Cook County, which includes the suburban areas around Chicago and the city itself, repealed a controversial soda tax on a 15 to 2 vote Wednesday. The move comes in the wake of a major backlash from the industry, store owners, and public health groups.
The tax’ proponents argued that repealing the tax would create a $200-million gap in the county’s budget for the next fiscal year, which starts December 1. Supports also think a soda tax could curb the consumption of the unhealthy beverages.
Tax opponents hailed the decision noting that a soda tax would not be enough to fight obesity but it would surely impact low-income consumers. A spokesman for the American Beverage Association noted that soda taxes are losing momentum.
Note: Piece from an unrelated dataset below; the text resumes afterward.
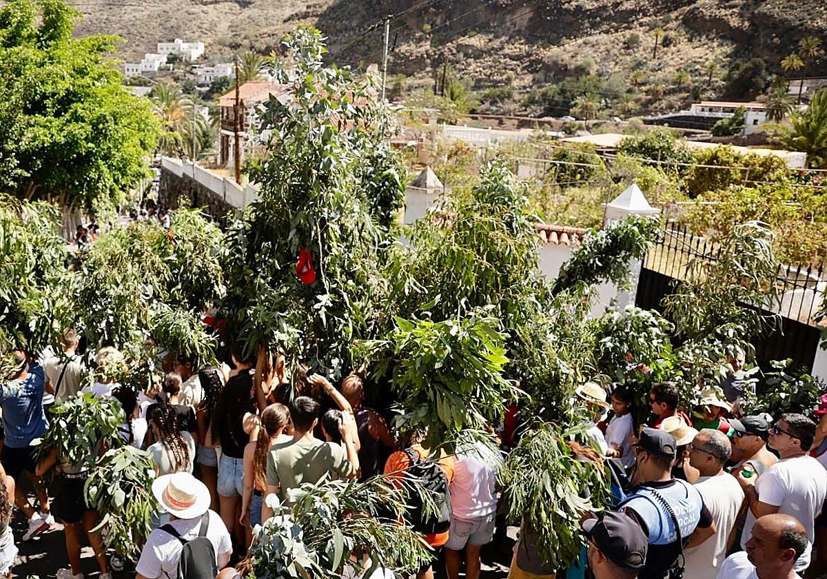 A las dos horas la banda Guayedra, a la altura del cruce con la calle Acequia del Moral, relevó a la de Guiniguada y dos horas después hizo lo propio la de Agaete. La rama bajaba despacio, mientras la multitud bailaba, brincaba y cantaba camino del pueblo y de la iglesia. 'Cielito Lindo' y su canta y no llores o 'Me gusta la bandera' fueron los hits de una marcha verde y aromática que terminó, ya empezada la tarde, a los pies de un San Pedro apenas visible entre ramas de Tamadaba.

The association blasted beverage taxes as a “money grab” disguised as a public health measure.
The American Heart Association, on the other hand, accused the soda industry of misleading authorities with “false claims just to get rid of the tax. The group’s chief executive Nancy Brown thinks the industry sacrifices the health of kids and their families for the sake of its profits.
The AHA pledged to continue its push for soda taxes nationwide.
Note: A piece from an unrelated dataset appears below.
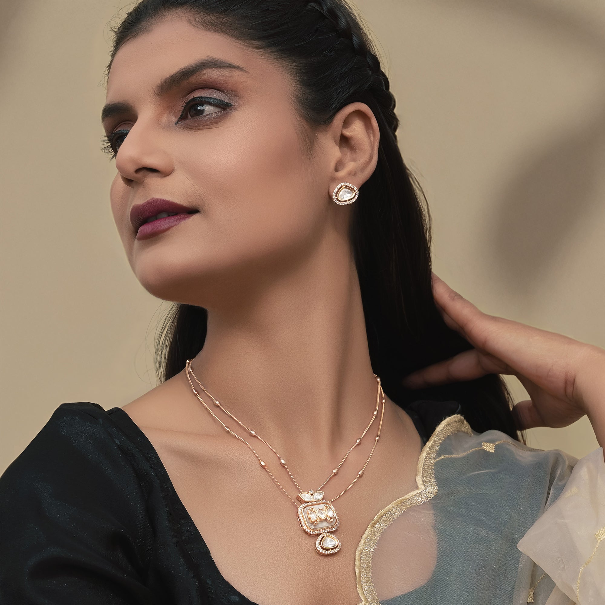 The Majestic Ivory Blossom Set features a delicate floral-inspired design crafted in soft ivory tones with kundan highlights. Elegant and...

Other Municipalities Eye Soda Taxes
Cook County is not the only jurisdiction to impose a beverage tax, Berkeley, CA, Boulder, CO, Philadelphia, PA, San Francisco, and Seattle all plan to roll out similar measures starting January 1.
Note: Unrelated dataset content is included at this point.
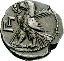 L Γ; eagle standing left, holding wreath in beak; palm branch behind wing

When reached for comment, Cook County board members weren’t available. A spokesperson explained that the officials were busy with a full-panel meeting. The board’s president Toni Preckwinkle, who pushed for the tax, said that commissioners should choose the county’s direction on revenue. “I respect their authority to do so,” she added.
Local retailers and the industry warned of lost sales and possible firings linked to the soda tax. The Can the Tax Coalition, an industry-funded group that fought the measure, reported that some in-store sales of sugary drinks plunged after the tax was rolled out on August 2.